The US Fed continues to face challenges from economic uncertainty and inflationary risks. The Iran war has led to a significant surge in oil prices, over 50% in the last 10 weeks. This is likely to push inflation higher if oil prices stay higher for longer.

The rate cut outlook in 2026 also appears dim. “During the March 2026 FOMC, the Federal Reserve struck a relatively balanced tone. While the underlying inflation backdrop could have justified a more hawkish stance, the Fed chose to remain measured given the early stages of the Iran conflict and the uncertainty around its economic implications.

That uncertainty has now largely been resolved. The prolonged disruption in the Strait of Hormuz has meaningfully altered the energy outlook, with oil prices expected to remain elevated for an extended period. This introduces a more persistent inflationary impulse, particularly through energy and second-order effects on input costs.

Against this backdrop, we expect the upcoming Fed statement to shift more decisively hawkish, with a clear signal that rate cuts are unlikely in 2026 under current conditions,” says Nachiketa Sawrikar, Fund Manager, Artha Bharat Global Multiplier Fund.

Powell’s Press Conference

Markets expect no change from the Fed’s FOMC meeting today, but all eyes will be on Powell’s press conference. “The Federal Reserve is widely expected to hold the federal funds rate steady at 3.50%-3.75% when its meeting concludes on Wednesday. With no fresh economic projections or dot plot to guide markets, attention will shift to Chair Jerome Powell’s tone and the statement’s language,” says Ajitabh Bharti, Co-founder and Executive Director, CapitalXB.

Incidentally, it will be Powell’s last presser as the Fed Chair. The next FOMC meeting is on June 16-17, after Powell resigns as chair in May.

“While the rate decision itself appears straightforward, the tone of forward guidance will be the key market focus. Recent FOMC communications suggest a slight hawkish tilt, with policymakers emphasizing the risk that energy-driven inflation could become more persistent,” says Umesh Sharma, CIO-Debt, The Wealth Company Mutual Fund.

“The March dot plot already showed a shift among members toward fewer rate cuts in 2026, even though the median projection still points to at most one cut later in the year,” adds Sharma.

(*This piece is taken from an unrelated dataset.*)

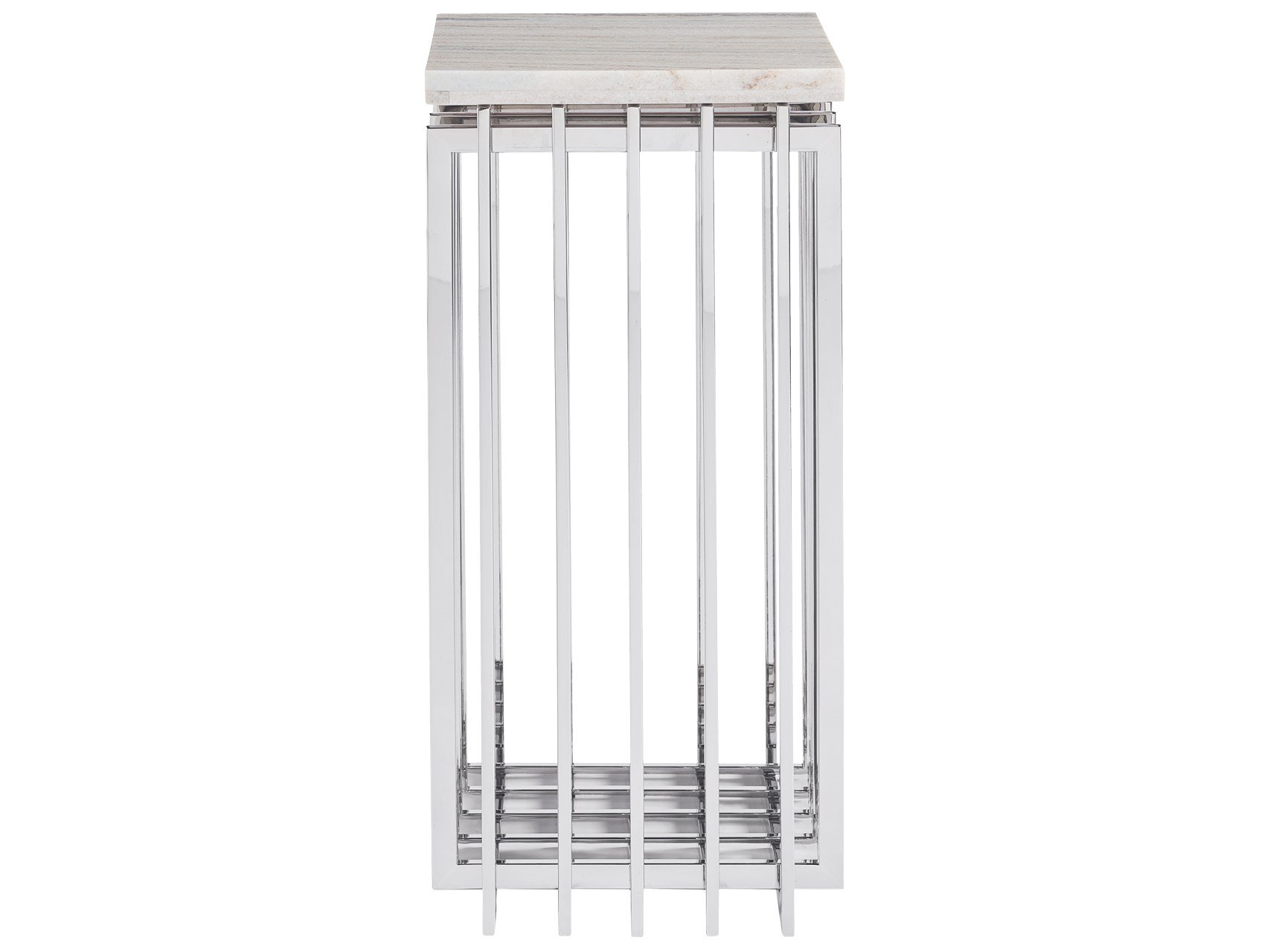 DETAILS Add stylish convenience to living spaces with the Paradox Chairside Table, made truly unique by a series of gleaming silver legs offset by a smooth marble top.

In May, Powell will resign in favor of Kevin Warsh, Trump’s nominee, who is undergoing Senate confirmation on Wednesday.

Although Powell will be resigning as Chair, it is uncertain if Powell will continue on the Board of Governors since he previously mentioned he would stay until a Justice Department investigation against him is dropped, which has now been dropped. Despite pressure from the White House and President Trump, Powell and other FOMC members maintained their decisions on rate cuts.

“This meeting also carries added significance as it is expected to be Chair Jerome Powell’s final one before Kevin Warsh assumes the chair, pending confirmation. Markets will therefore listen closely for any signals on how unified the Committee is ahead of the leadership transition, as a divided FOMC could make an early rate cut path under the new chair more challenging,” says Sharma.

Overall, markets will focus on three things in April’s FOMC meeting – The reasons, according to Powell and his team, behind the US Federal Reserve’s decision to maintain current interest rates. Secondly, markets will look for cues from Powell’s presser on potential indications of future rate adjustments. Thirdly, any cues on the upcoming leadership transition of Fed Chair Jerome Powell that may add to the uncertainty surrounding the central bank’s direction.